Pancreatitis: An inflammation of the pancreas.  This causes severe abdominal pain and usually requires admission to the hospital until symptoms have subsided. 

Osteoporosis: A weakening of the structure of the bones.  This usually occurs among older women who have already gone through menopause.  I was first diagnosed with osteoporosis at the age of twenty-five. 

Arthritis: Swelling and pain in the joints.  This is also something that generally occurs among older people. 

Anemia:  I was diagnosed with anemia due to a deficiency of the vitamin B12.  Because I became anemic I was required to get monthly IM injections of the vitamin.

Peripheral Neuropathy:  This is a loss of sensation in certain areas of the body.  I began to experience this in my feet and hands after being on a medication that my doctors now believe I am allergic to.

Epilepsy:  I was diagnosed with epilepsy after having numerous, unexplainable seizures.  I believe that this was triggered by high doses of medications I was on at the time of my diagnosis. 

Infections:  I acquired countless infections included a staphylococcus infection in my blood that spread to my heart and nearly took my life. 

There were periods of remission where I would gain my strength back, when the depression would diminish, and I would feel confident about my future again.  But these periods were short lived and I would quickly become depressed again.  At times I felt like I had been robbed of my spirit.  At this point I knew that my entire life was going to be changed and that I wouldn’t be able to have the future that I’d dreamed of. 

I had no choice but to accept my disease.  With the help of my family and loved ones I was able to regain some state of mental balance and clarity.  I learned that whether I cried or laughed, at the end of the day I was still going to be sick.  I didn’t want to spend my days in self-pity or fill them with misery.  So I began taking things one day at a time and have learned to make the best of what I have. 

Ulcerative Colitis and Crohn's Disease affect all areas of your life including having interpersonal relationships and raising a family.

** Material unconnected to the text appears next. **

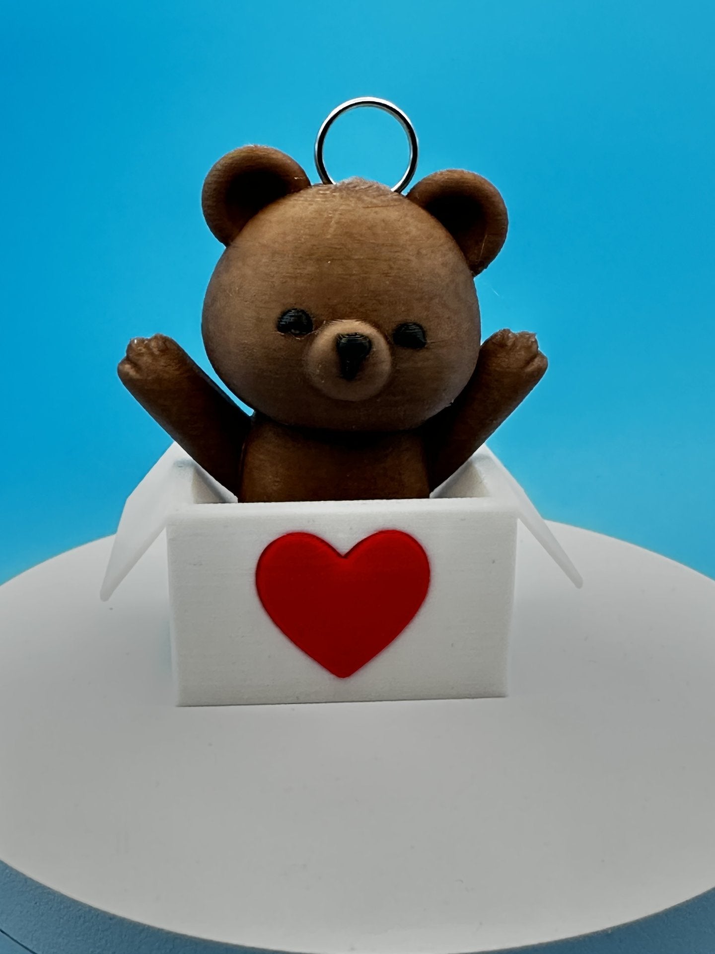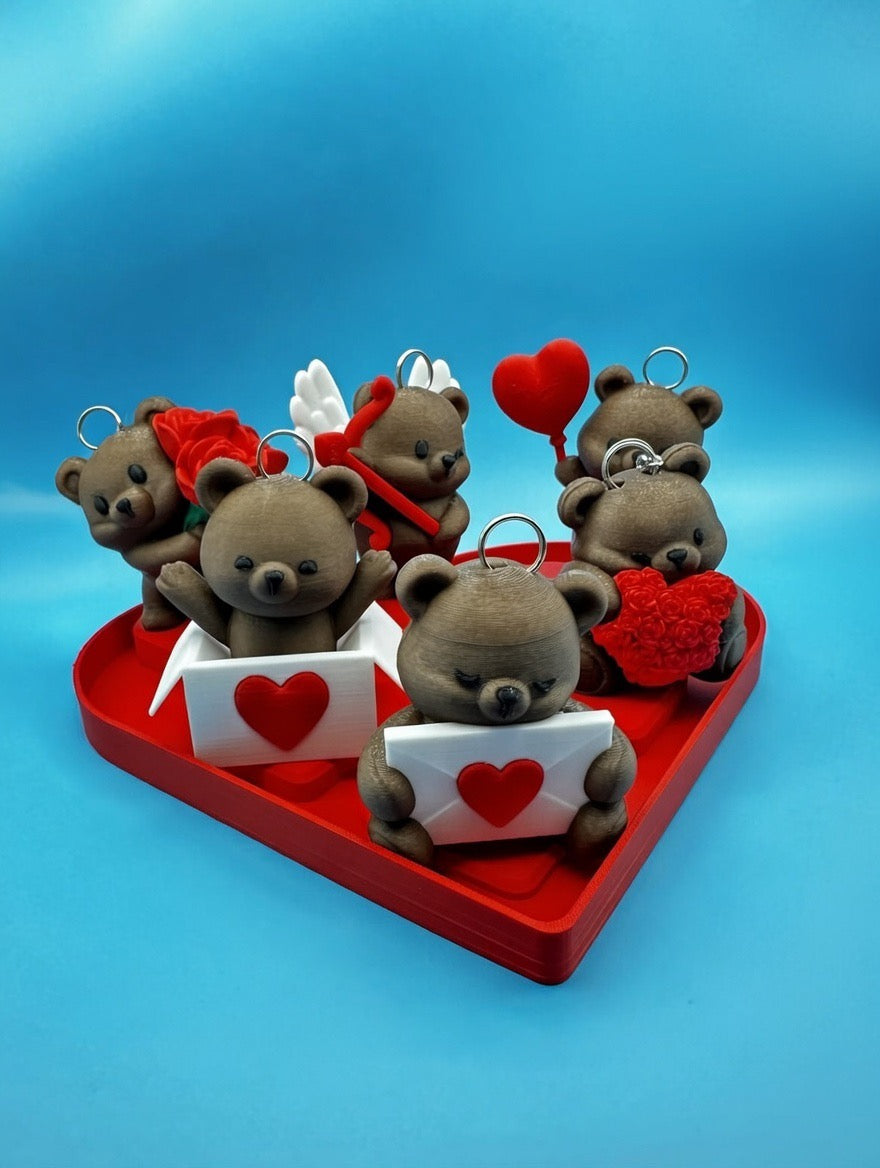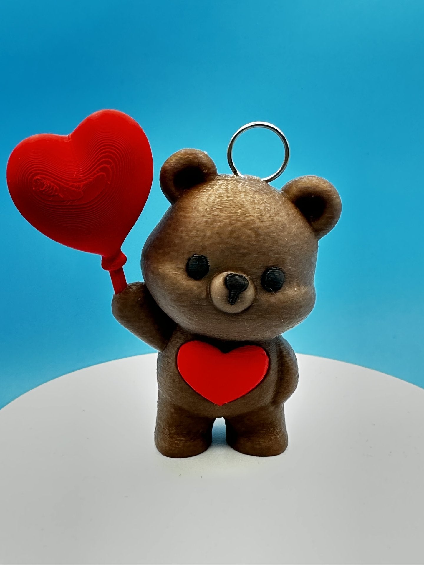 Durch präzisen 3D-Druck entstehen liebevoll gestaltete Teddys mit verspieltem Ausdruck, feinen Details und leuchtend roten Herzen – praktische kleine Begleiter für Schlüssel, Taschen oder Rucksäcke.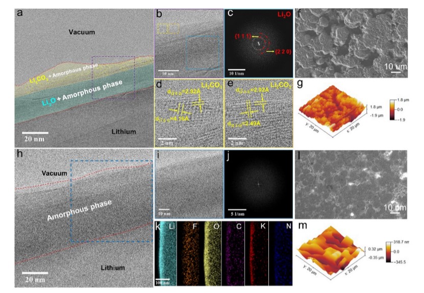 (i)-(m) 改性电解质沉积的LMA的SEM和AFM图像

Living with Inflammatory Bowel Disease can be difficult, embarrassing and even humiliating at times. The most essential aspect of having control over this disease is accepting it. By accepting it yourself you allow others to become more empathetic and accept it as well.

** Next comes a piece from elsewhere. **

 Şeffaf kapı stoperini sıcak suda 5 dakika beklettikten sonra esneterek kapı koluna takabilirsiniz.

I’ve also found that it is important to surround yourself with people that are going to have a positive impact on your life. I have parents and siblings that are loving, caring, understanding and compassionate. Even with all of the hardships and challenging experiences I've endured I feel very lucky to have the family that I do. Without their support I'm not sure I would have made it through all of this without losing my sanity. I am where I am today because of their selflessness and unconditional love.

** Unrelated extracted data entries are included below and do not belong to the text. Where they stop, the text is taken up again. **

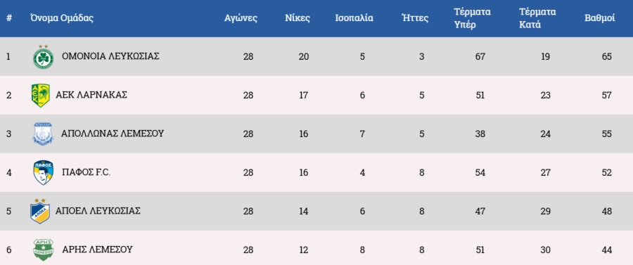 Η πρωτοπόρος Ομόνοια είναι στο +8 από την δεύτερη ΑΕΚ και μένει να δούμε αν η ομάδα της Λάρνακας ή ο Απόλλωνας που βίσκεται στο -10 μειώσουν την απόσταση και αναθερμάνουν το ενδιαφέρον στη μάχη του τίτλου, ή αν οι πράσινοι διατηρήσουν το ισχυρό προβάδισμα.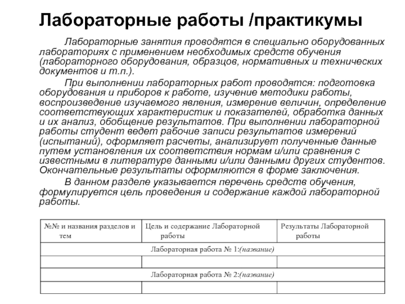 При выполнении лабораторных работ проводятся: подготовка оборудования и приборов к работе, изучение методики работы, воспроизведение изучаемого явления, измерение величин, определение соответствующих характеристик и показателей, обработка данных и их анализ, обобщение результатов. При выполнении лабораторной работы студент ведет рабочие записи результатов измерений (испытаний), оформляет расчеты, анализирует полученные данные путем установления их соответствия нормам и/или сравнения с известными в литературе данными и/или данными других студентов. Окончательные результаты оформляются в форме заключения.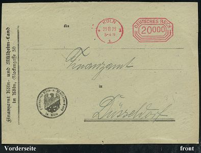 9039 | 15 € | 5000 KÖLN (Post-Freistempel) : KÖLN/ *1II/ DEUTSCHES REICH 1923 (29.8.) Infla-PFS "Achteck" 20ooo (Mark) auf Dienst-Vorderseite: Finanzamt Köln u.Mülheim-Land.. (Dü.D-3, Nr.90) | ![]() | |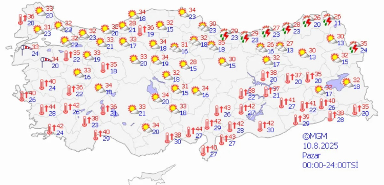 10 Ağustos Pazar gününden itibaren sıcaklıkların kuzey bölgelerde hafif düşüş göstereceği, ancak iç ve güney bölgelerde 35-40 derece bandında devam edeceği öngörülüyor.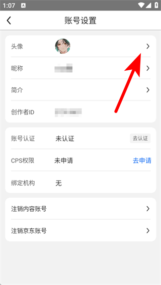 2、在賬號(hào)設(shè)置的頁(yè)面,我們需要點(diǎn)擊頭像的選項(xiàng)。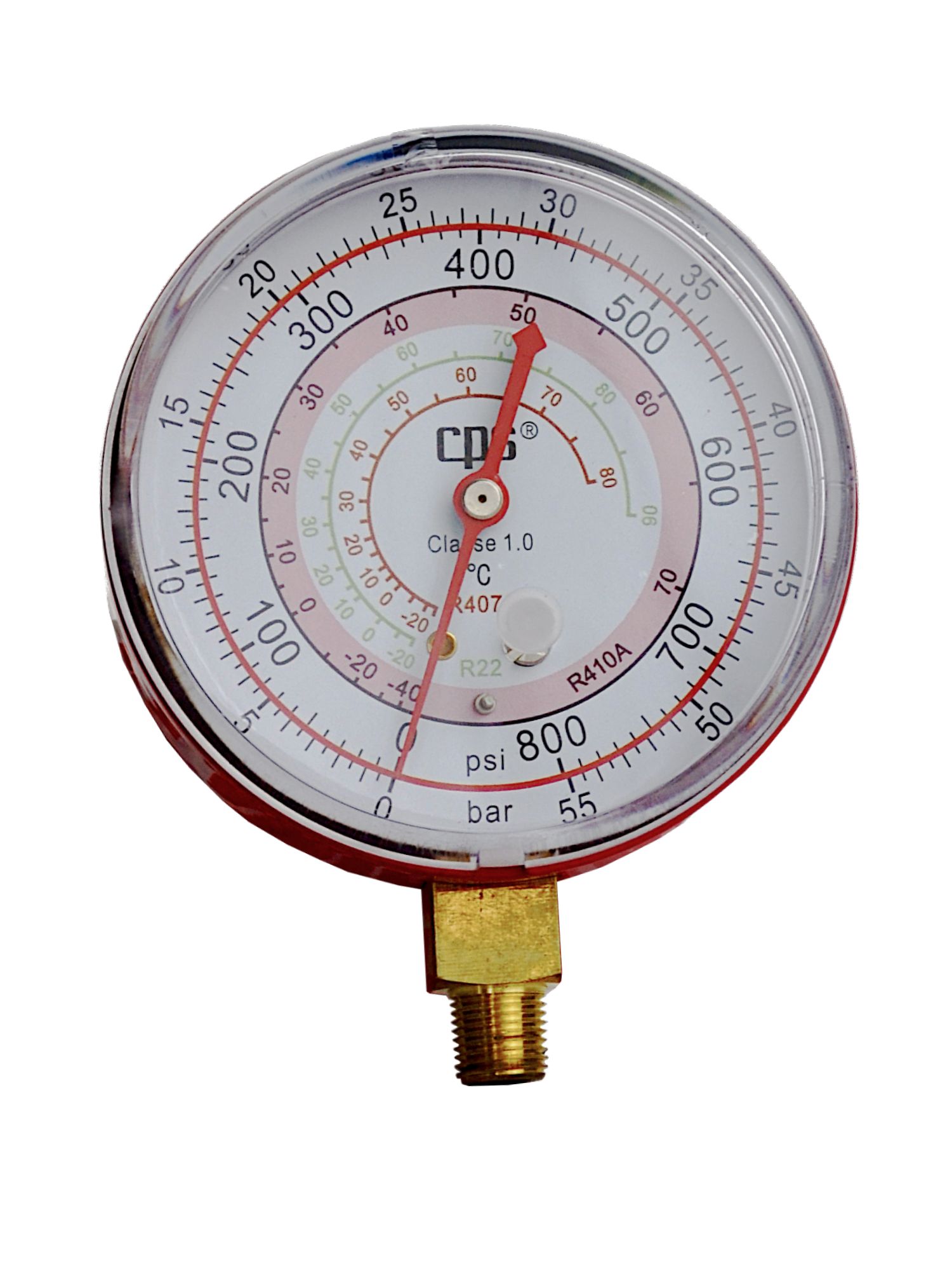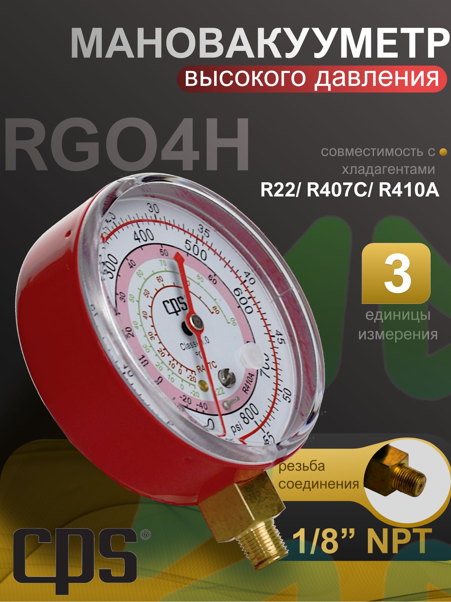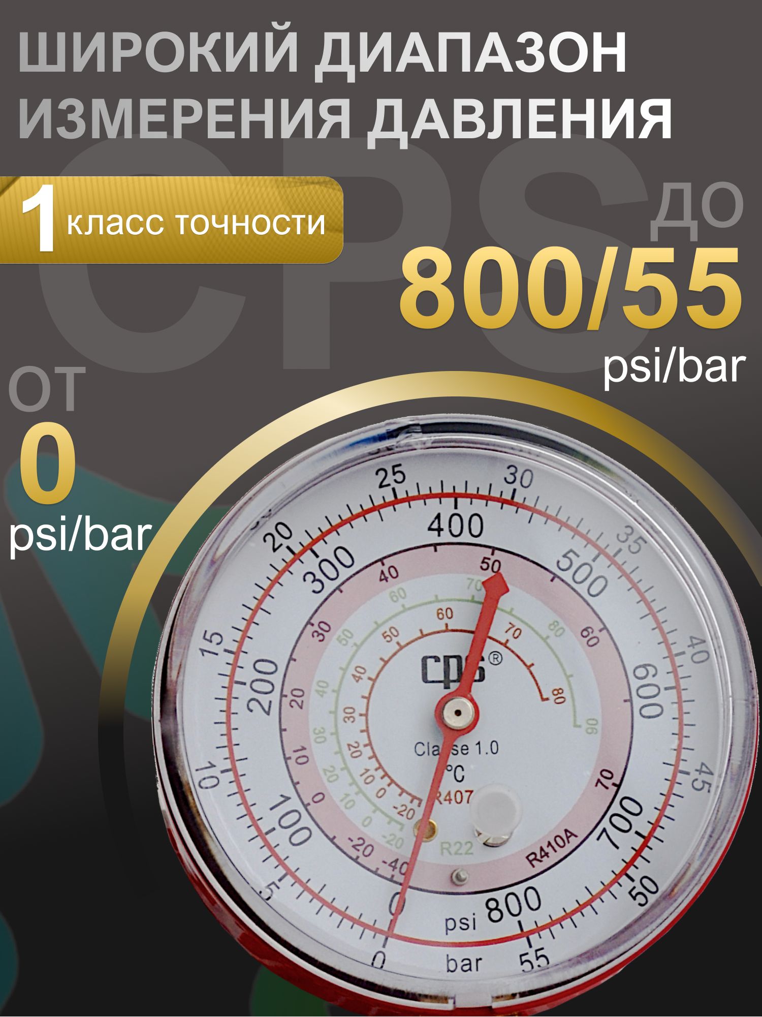 Манометр CPS RGO4H имеет класс точности 1.0, что гарантирует высокую степень достоверности получаемых данных. Диапазон измерения давления составляет от 0 psi/bar до 800/55 psi/bar, что делает его универсальным инструментом для широкого спектра задач. Наличие трех единиц измерения – psi, bar и °С – позволяет пользователю выбирать наиболее удобный формат представления данных.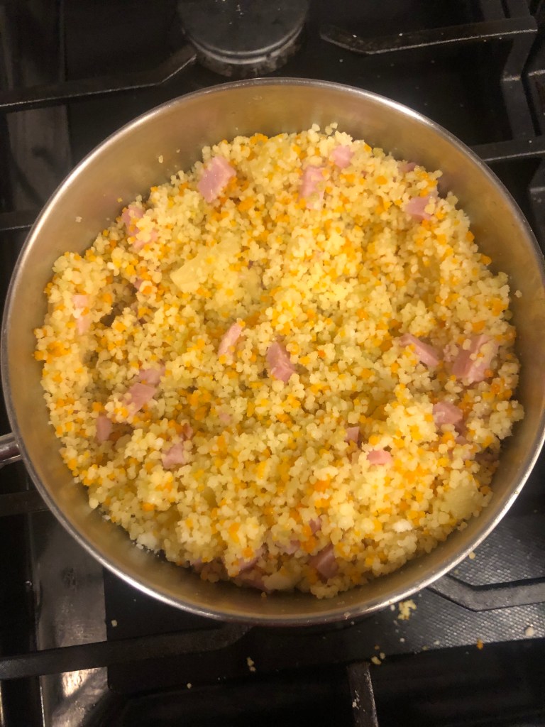 Loco moco is a classic Hawaiian dish considered comfort food. Rice, hamburger patty, an over easy egg, maybe some kind of green, and always some gravy. I have made sure I will never be invited to Hawaii with my changes on the dish. The rice is not going to be invited to the party today. We’re going couscous, ham, pineapple, and Romano cheese, so sorta kinda not really mainlander and not really Hawaiian style. It’s a crazy loco mixed-up world. I hope you like it.

I have learned and am still learning to lead a life with minimal stress, to eat right and to exercise in the best way that I can. I've also involved myself in support groups for people with Inflammatory Bowel Disease. In doing this I know that I'm not alone. There are others out there who are also suffering because of these diseases. Only they truly understand what I'm going through and are able to offer the kind of support you can't find anywhere else. I have made a firm decision that no matter what happens or how bad it gets I will not let this disease dictate my life.

I hope that this blog not only becomes a place of learning but also a place where you can come to find support.  I will do my best to answer questions and make daily posts.  I look forward to all of your comments and questions and to getting to know you!